Comprehensive Evaluation of Large Language Models (LLMs) in Biomedical Question Answering and Bioinformatics Research
Main Article Content
Abstract
Recent developments in Artificial Intelligence (AI), particularly Large Language Models (LLMs), have demonstrated exceptional capabilities in understanding and generating human-like text. Examples of such models used in bioinformatics include the Generative Pre-trained Transformer (GPT), Pathways Language Model (PaLM), and Biomedical Generative Pre-trained Transformer (BioGPT). With their advanced natural language processing (NLP) capabilities and unique advantages in biological applications, these models represent significant advancements in the application of LLMs to bioinformatics. This paper examines the effectiveness, usefulness, potential applications, and limitations of LLMs in bioinformatics research. It explores their use in literature mining, biomedical question answering, and information retrieval from PubMed and other biomedical databases. Additionally, the study discusses integration strategies, ethical considerations, and benchmarking approaches for incorporating LLMs into bioinformatics workflows. The findings indicate that although LLMs demonstrate significant potential in bioinformatics, challenges related to interpretability and domain-specific fine-tuning remain important obstacles. The paper focuses specifically on evaluating LLMs for Biomedical Question Answering (QA), a critical task in healthcare informatics and medical research. Comparative analysis reveals that GPT-4 achieves higher overall accuracy (82%), while BioGPT demonstrates superior domain-specific performance, including 95% citation accuracy.

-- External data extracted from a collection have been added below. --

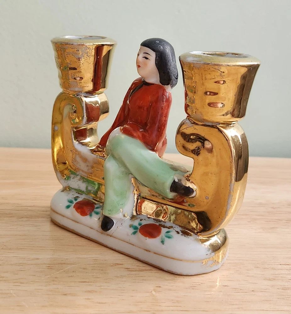 Both measure 4 in wide and a little under 4 in tall. The part that the candle goes in measures about 1 in across and a little under 1 in deep. There is a lot of paint loss as shown in photos. The bottoms are marked "22 k gold' and appears to have "made in japan", but someone has crossed this out.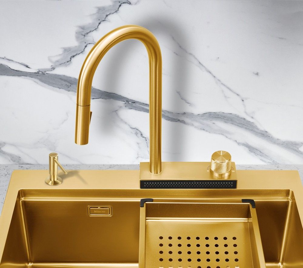 Смеситель для кухни с вытяжной лейкой и каскадным душем Milacio Ultra ( MCU.556.GD ) золото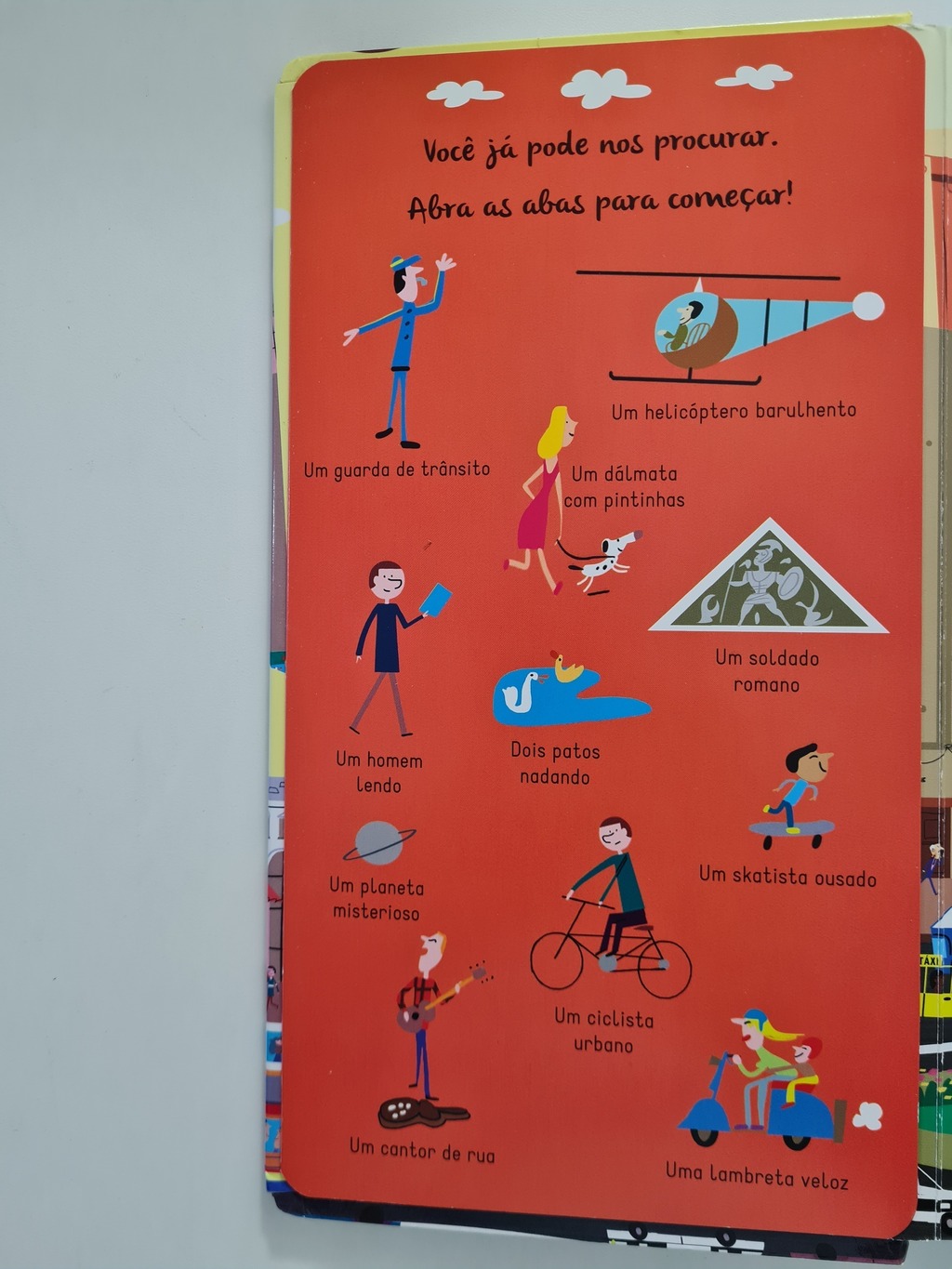Encontre centenas de personagens e objetos neste livro repleto de ilustrações impressionantes. As páginas se desdobram em cenários gigantes, revelando surpresas estranhas e marabilhosas na cidade, no campo, em alto-mar, na estação de trem, na construção e no aeroporto. Voce vai se divertir vencendo este desafio com figuras engraçadas e cheias de estilo!
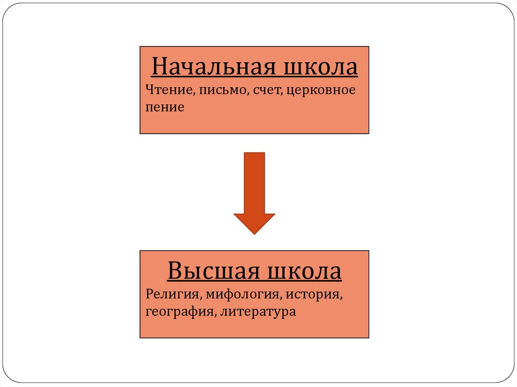 Начальная школаЧтение, письмо, счет, церковное
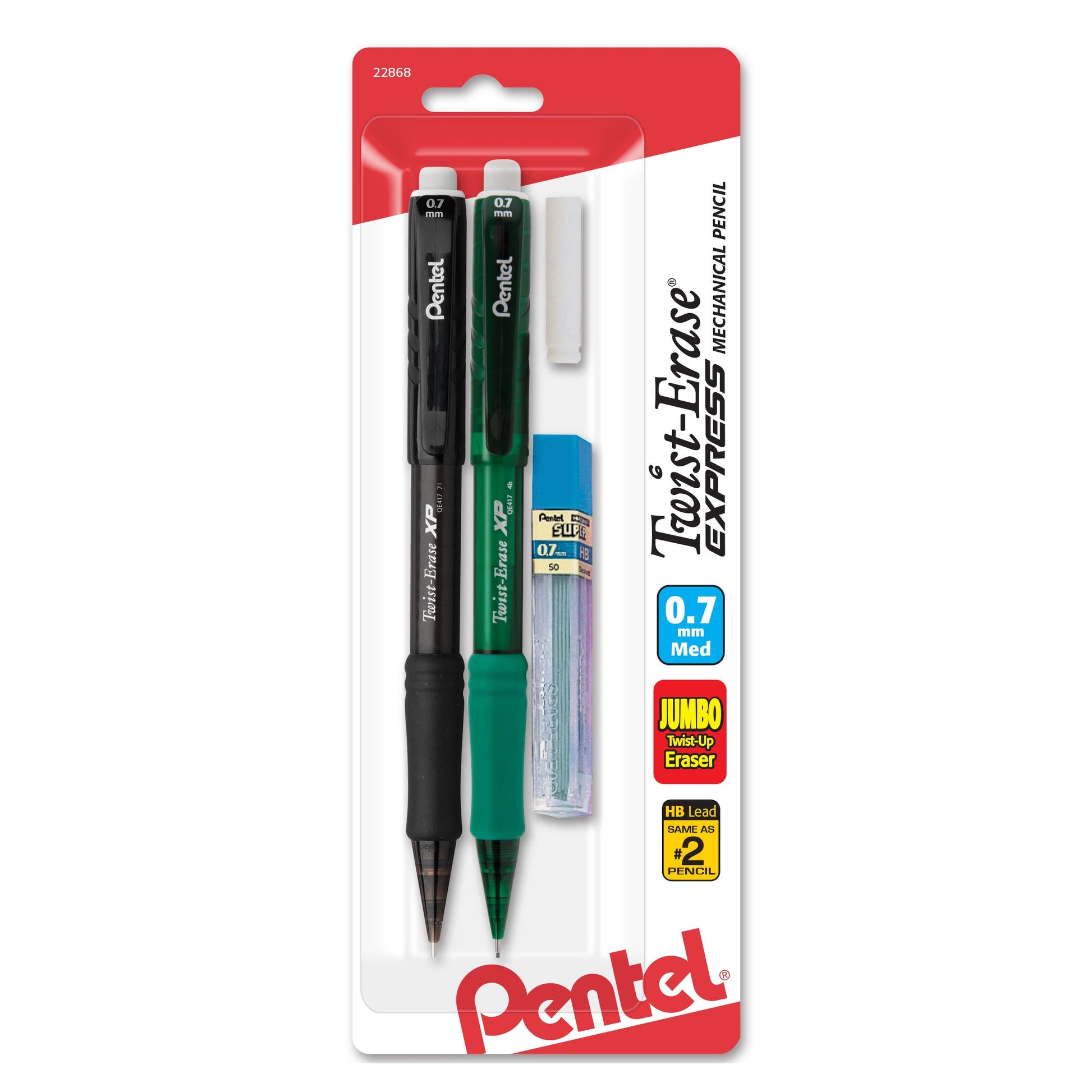 Twist-Erase EXPRESS Mechanical Pencil (0.7mm) Assorted Barrel Colors with Lead and eraser 2-Pk (QE417LEBP2)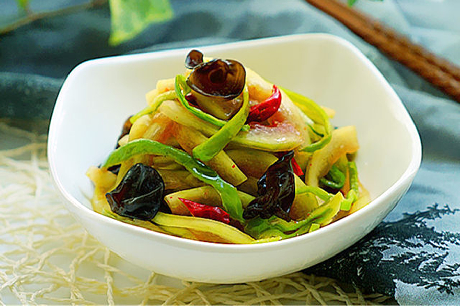 先准备好食材:提前泡发木耳,用勺子挖出瓜瓤,翻面将西瓜皮层硬的青衣削去,再将西瓜皮切成薄片,撒盐腌渍。备好葱姜蒜及青红椒丝,热锅入油烧至6分热爆香,倒入西瓜皮翻炒至断生,放入适量醋汁,继续翻炒半分钟,撒入葱花和黑木耳翻炒半分钟关火起锅装盘。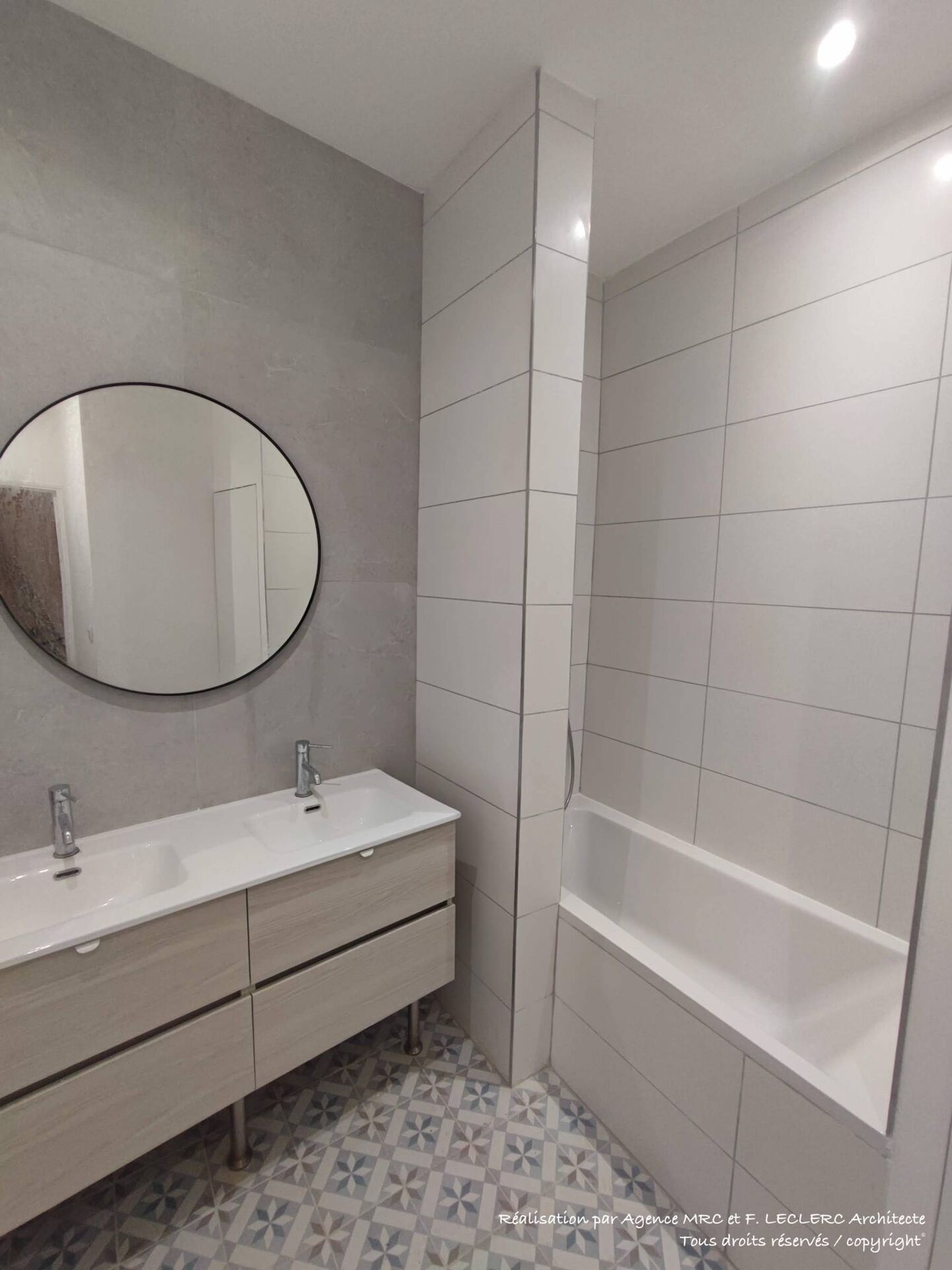 - Intégration de 2 vasques avec une baignoire et des niches.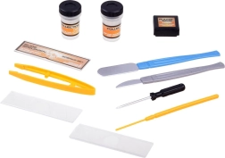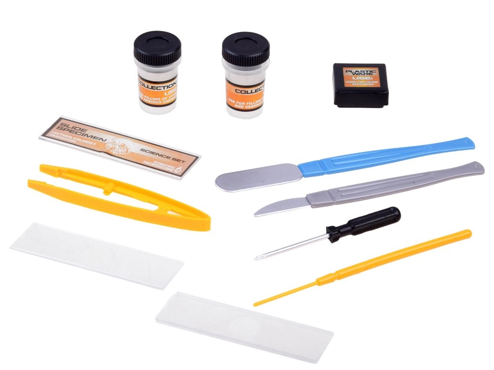 Iepakojumā atradīsiet priekšmetstikliņus, paraugu trauciņus, pinceti, pilinātāju, skalpeli, adatu un citus rīkus – viss gatavs mājas eksperimentiņiem.
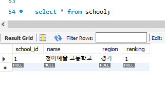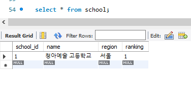INFO : com.spring.jpa.JPATest - [School(id=1, name=청아예술 고등학교, region=서울, ranking=1)]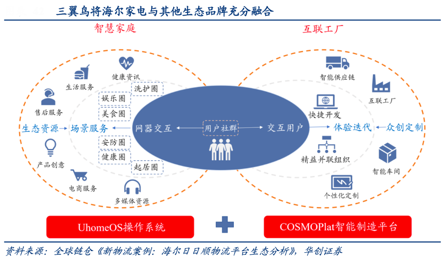 經(jīng)典案例:根據(jù)全球鏈倉《新物流案例:海爾日日順物流平臺生態(tài)分析》、華創(chuàng)證券等綜合資訊表明,三翼鳥生態(tài)以海爾家電為基礎(chǔ)不斷延伸拓展,借助卡奧斯平臺賦能提高生產(chǎn)供應(yīng)商效率,UhomeOS系統(tǒng)為智慧家庭提供操作接口,高端品牌卡薩帝提供套系產(chǎn)品,最終通過日日順物流的高效送裝實(shí)現(xiàn)場景生態(tài)落地。
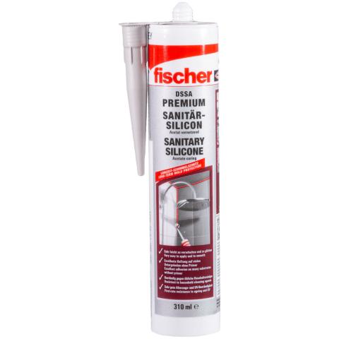Das hochwertige fischer Sanitärsilicon DSSA SW zur Verwendung bei Eck-, Bewegungs- und Anschlussfugen im Sanitär- und Küchenbereich. Farbe: schwarz. Ermöglicht ein leichtes Verarbeiten und Glätten und sorgt für einen zügigen Arbeitsfortschritt. Durch die Dehnfähigkeit von 25 % ist DSSA sehr gut geeignet für stark beanspruchte Dehnfugen, sehr gute Haftung und hohe Abriebfestigkeit.
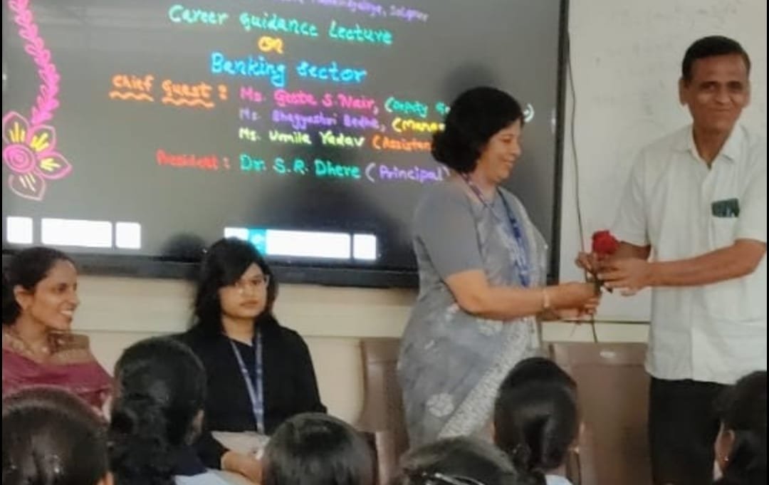 सातरस्ता मोदीखाना येथील रयत शिक्षण संस्थेच्या लक्ष्मीबाई भाऊराव पाटील महिला महाविद्यालयात बँकिंग क्षेत्रातील करिअरविषयक संधी या विषयावर मार्गदर्शनपर व्याख्यानाचे आयोजन करण्यात आले. यावेळी त्या बोलत होत्या. अध्यक्षस्थानी महाविद्यालयाचे प्राचार्य डॉ. सुरेश ढेरे होते. यावेळी व्यवस्थापक भाग्यश्री बढे, सहाय्यक व्यवस्थापक उर्मिला यादव उपस्थित होत्या.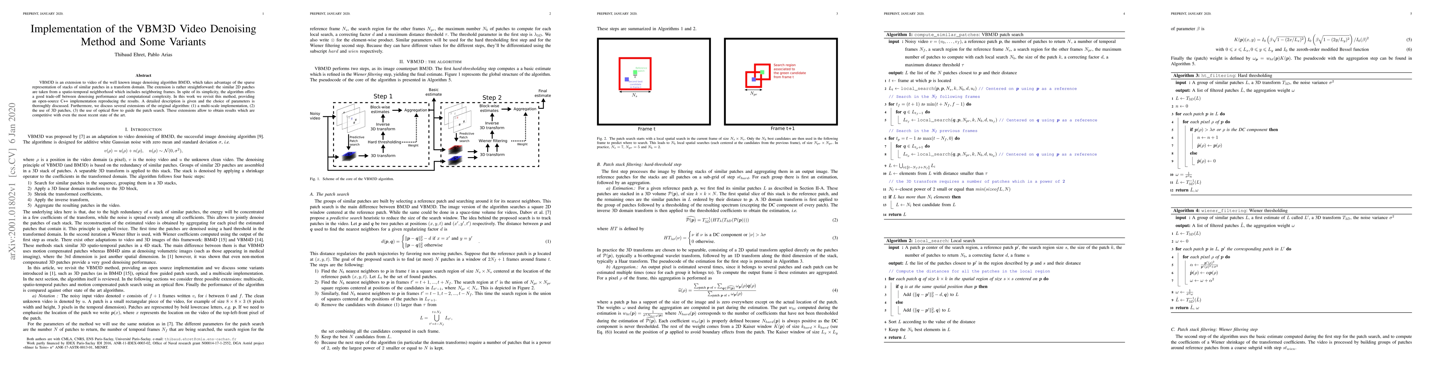 Researchers implemented the VBM3D video denoising method and its variants, achieving competitive results with state-of-the-art algorithms through simple yet effective extensions.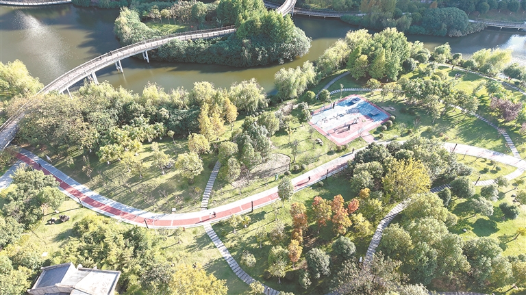 10月25日,航拍下的宁都县龙溪湖生态公园景色宜人。近年来,该县推进环境整治与生态修复,积极建设“口袋公园”及“15分钟健身圈”,有效提升城市宜居度和市民幸福感。

The study also identifies limitations across all evaluated models in handling complex reasoning tasks and rare disease knowledge. The results suggest that existing LLMs require complementary capabilities to achieve optimal performance in biomedical applications and provide practical guidance for selecting appropriate models based on clinical or research objectives. Finally, the paper presents a comprehensive evaluation framework for medical question-answering systems while highlighting ongoing challenges and future research directions for advancing AI-driven bioinformatics.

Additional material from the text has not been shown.